(Entries supplied Opens)

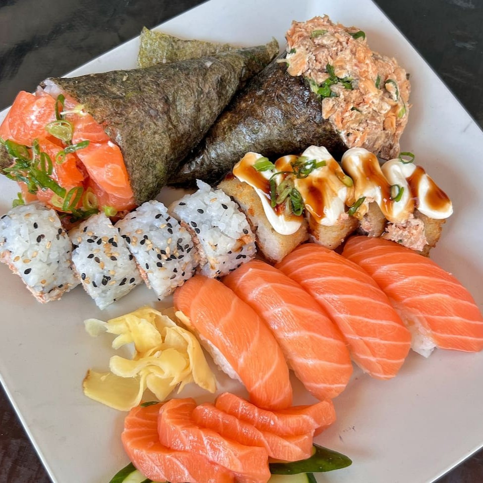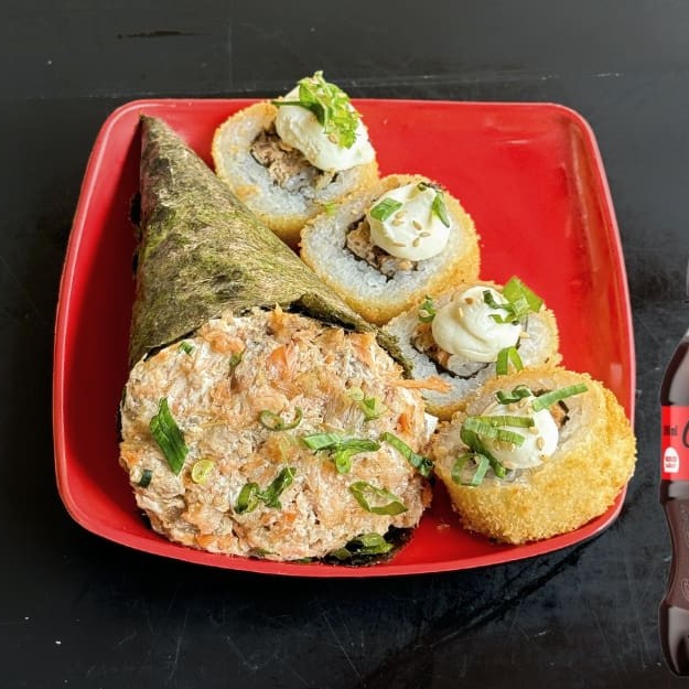 1 Temaki grelhado, 4 Hot Rolls grelhado e 4 bolinhos de salmão grelhados. Acompanha Coca-Cola 350ml com desconto.
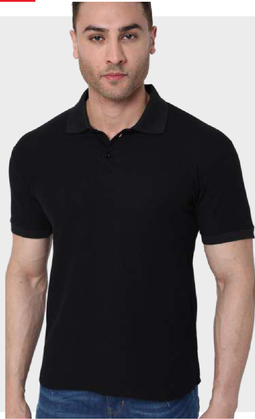 A classic black polo t-shirt crafted from comfortable cotton fabric. This versatile t-shirt features a collared neckline with a button placket, making it suitable for casual outings or smart-casual wear.
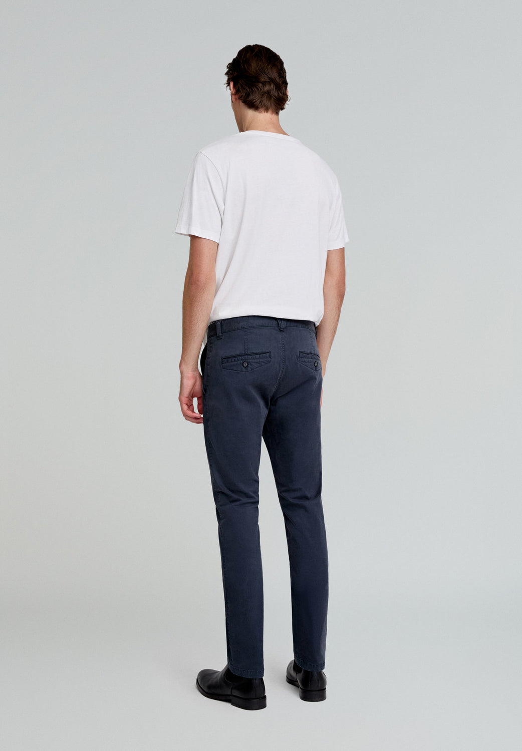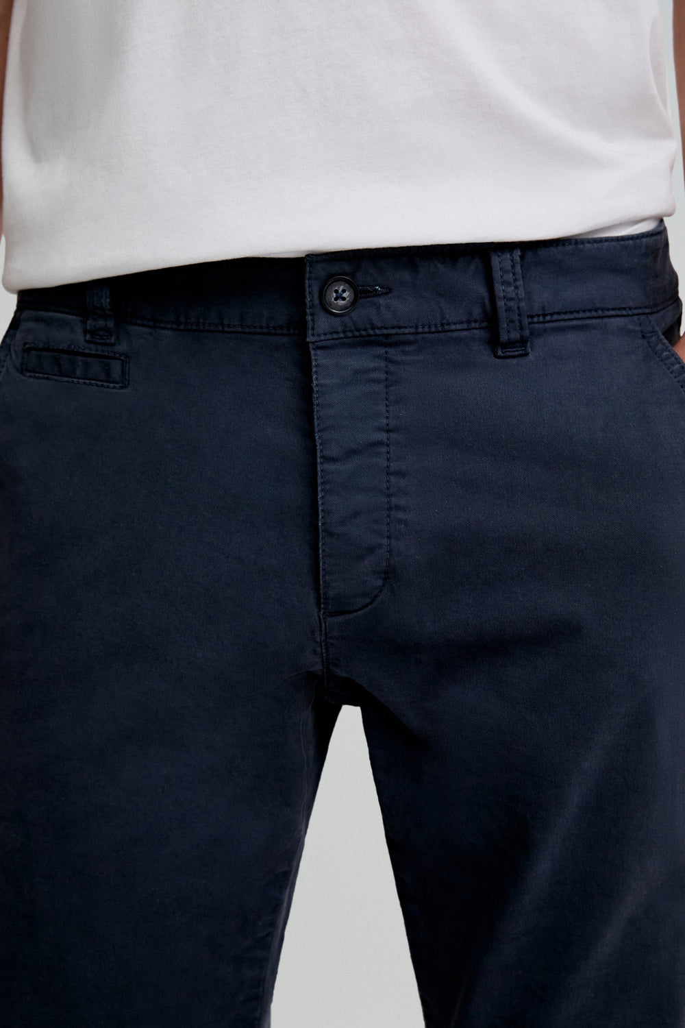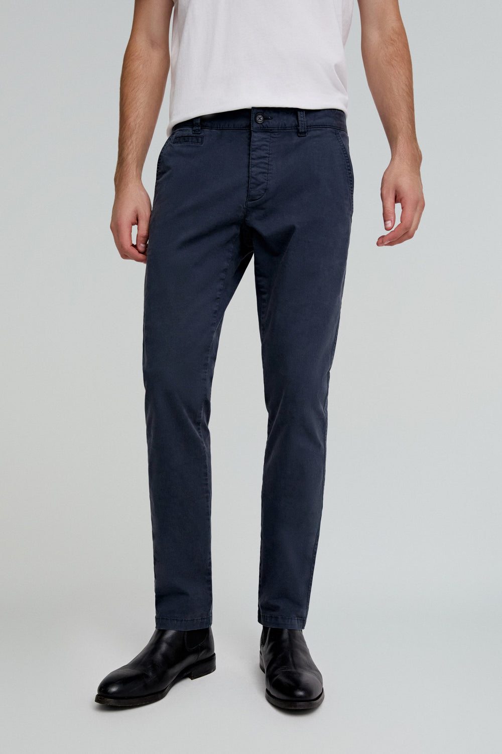 Pantalón chino casual confeccionado en mezcla de algodón ligeramente elástico. Cierre con botón y cremallera y bolsillos laterales y traseros. Trabillas en cintura.
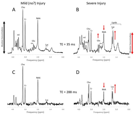Severe, acute injury is recognized by elevated lactate and lipids and a reduction of the axonal/neuronal marker NAA and often mimics MRS patterns that are observed in hypoxic–ischemic injury, consistent with the interruption of blood perfusion and subsequent apoptosis and cell death (Figure 12). In more mild/moderate cases of traumatic brain injury, NAA may be mildly or only transiently reduced, whereas Cho is often elevated, possibly reflecting axonal injury and subsequent repair processes [95,96,97,98,99].
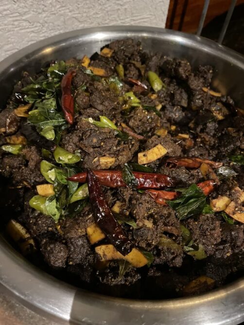 Les deux spécialités vraiment typiques, qu’on retrouve le plus dans les restaurants, sont le chutney de coco (souvent accompagné d’un deuxième chutney à la tomate) et le « coconut beef« , une préparation de boeuf frit à la coco.
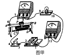 如图甲所示的电路中,1至11为连接点的标号。在开关闭合后,发现小灯泡不亮,电压表和电流表均无示 数。现用多用电表检查电路故障。
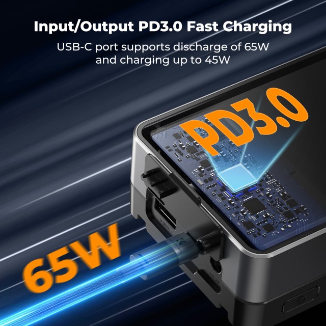 - Obousměrné rychlé nabíjení PD, podporuje více nabíjecích protokolů, například PD3.0/2.0, rozhraní USB-C podporuje až 65W vybíjení, až 45W nabíjení, plně nabije baterii za méně než 2 hodiny a může současně nabíjet mobilní zařízení, například počítače/mobilní telefony;
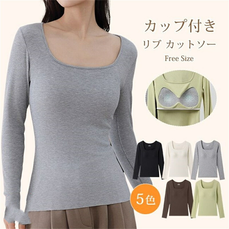 インナー レディース 保温下着 カットソー 長袖 カップ付き パッド付き 秋冬 薄手 無地 温かい 暖かい 防寒 アンダーウェア 通勤 日常 肌着

(Entries supplied Closes)

Could you repeat word for word only the lines from the one that contains "Severe, acute injury" through the end of the listing, leaving out the pictures?

### Reply to the exercise
Severe, acute injury is recognized by elevated lactate and lipids and a reduction of the axonal/neuronal marker NAA and often mimics MRS patterns that are observed in hypoxic–ischemic injury, consistent with the interruption of blood perfusion and subsequent apoptosis and cell death (Figure 12). In more mild/moderate cases of traumatic brain injury, NAA may be mildly or only transiently reduced, whereas Cho is often elevated, possibly reflecting axonal injury and subsequent repair processes [95,96,97,98,99].
 Les deux spécialités vraiment typiques, qu’on retrouve le plus dans les restaurants, sont le chutney de coco (souvent accompagné d’un deuxième chutney à la tomate) et le « coconut beef« , une préparation de boeuf frit à la coco.
 如图甲所示的电路中,1至11为连接点的标号。在开关闭合后,发现小灯泡不亮,电压表和电流表均无示 数。现用多用电表检查电路故障。
 - Obousměrné rychlé nabíjení PD, podporuje více nabíjecích protokolů, například PD3.0/2.0, rozhraní USB-C podporuje až 65W vybíjení, až 45W nabíjení, plně nabije baterii za méně než 2 hodiny a může současně nabíjet mobilní zařízení, například počítače/mobilní telefony;
 インナー レディース 保温下着 カットソー 長袖 カップ付き パッド付き 秋冬 薄手 無地 温かい 暖かい 防寒 アンダーウェア 通勤 日常 肌着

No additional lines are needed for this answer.